Abstract 13192: “Adenosine Lite”; a Combination of Adenosine Agonist and Adenylyl Cyclase Type 5 Inhibition Reduces Infarct Size and Ameliorates Heart Failure Progression Even when Delivered After Coronary Reperfusion
Adenosine is the “gold standard” for cardioprotection, yet after hundreds of studies it is still not widely used clinically. Our hypothesis is that some other action of adenosine, e.g., its potent peripheral vasodilation, may offset some of adenosine’s positive cardioprotective effects, and also limit its ability to reduce infarct size when delivered after coronary artery (CA) reperfusion (R), which is essential in the clinical setting. One pharmacological candidate is 9-beta-D-arabinofuranosyladenine (Ara-Ade), previously used and FDA approved as an antiviral drug that demonstrates selective adenylyl cyclase isoform type 5 (AC5) inhibition properties in addition to having a structure resembling adenosine. In mice, both Ara-Ade and adenosine reduced infarct size similarly, assessed by TTC as a fraction of the area at risk, when delivered before 30 min CA occlusion (O), but only Ara-Ade still reduced infarct size (16±1.2%), p<0.05 as compared with either vehicle ( 37±0.7%) or adenosine (38±0.6%), when delivered after CAR. Heart failure developing 4 weeks later was also diminished, p<0.05 vs vehicle. Because of its structural similarity to adenosine, its effects on reduction of infarct size, when delivered after CAR, were not observed after blockade of adenosine type A1 or A2a receptors, but was preserved after adenosine receptor A2b blockade. A major difference between Ara-Ade and adenosine could be attributed to peripheral vasodilation: adenosine reduced mean arterial pressure (33±4%) and increased heart rate (9.5±2.2%), effects which were not observed with Ara-Ade.

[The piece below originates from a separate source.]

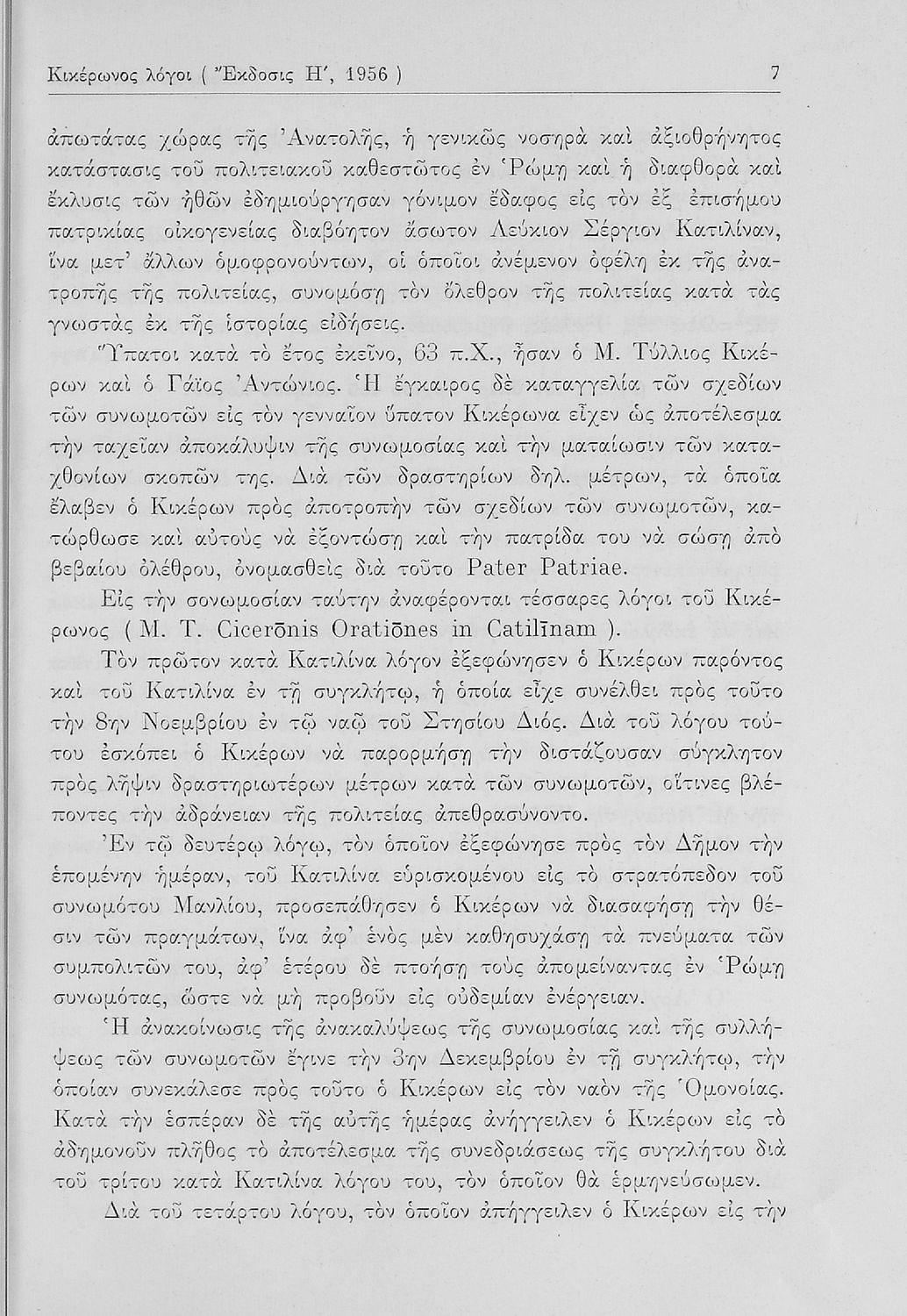 Κικέρωνος Λόγοι Ο Γ΄ κατά Κατιλίνα και ο υπέρ Αρχίου του ποιητού / Οβίδιου Μεταμορφώσεις (Εκλογαί) δια την Ε΄ τάξιν των Γυμνασίων

Ara-Ade also reduced infarct size in chronically instrumented conscious pigs, when delivered after CAR, and in this model also reduced, p<0.05, post-CAR coronary hyperemia, which could be a mechanism for reducing oxidative stress during CAR and consequently providing additional cardioprotection. Thus, it is conceivable that the superimposition of AC5 inhibition on adenosine, would make this combination of effects more favorable clinically than adenosine alone, particularly when the drug must be delivered after CAR.
- © 2013 by American Heart Association, Inc.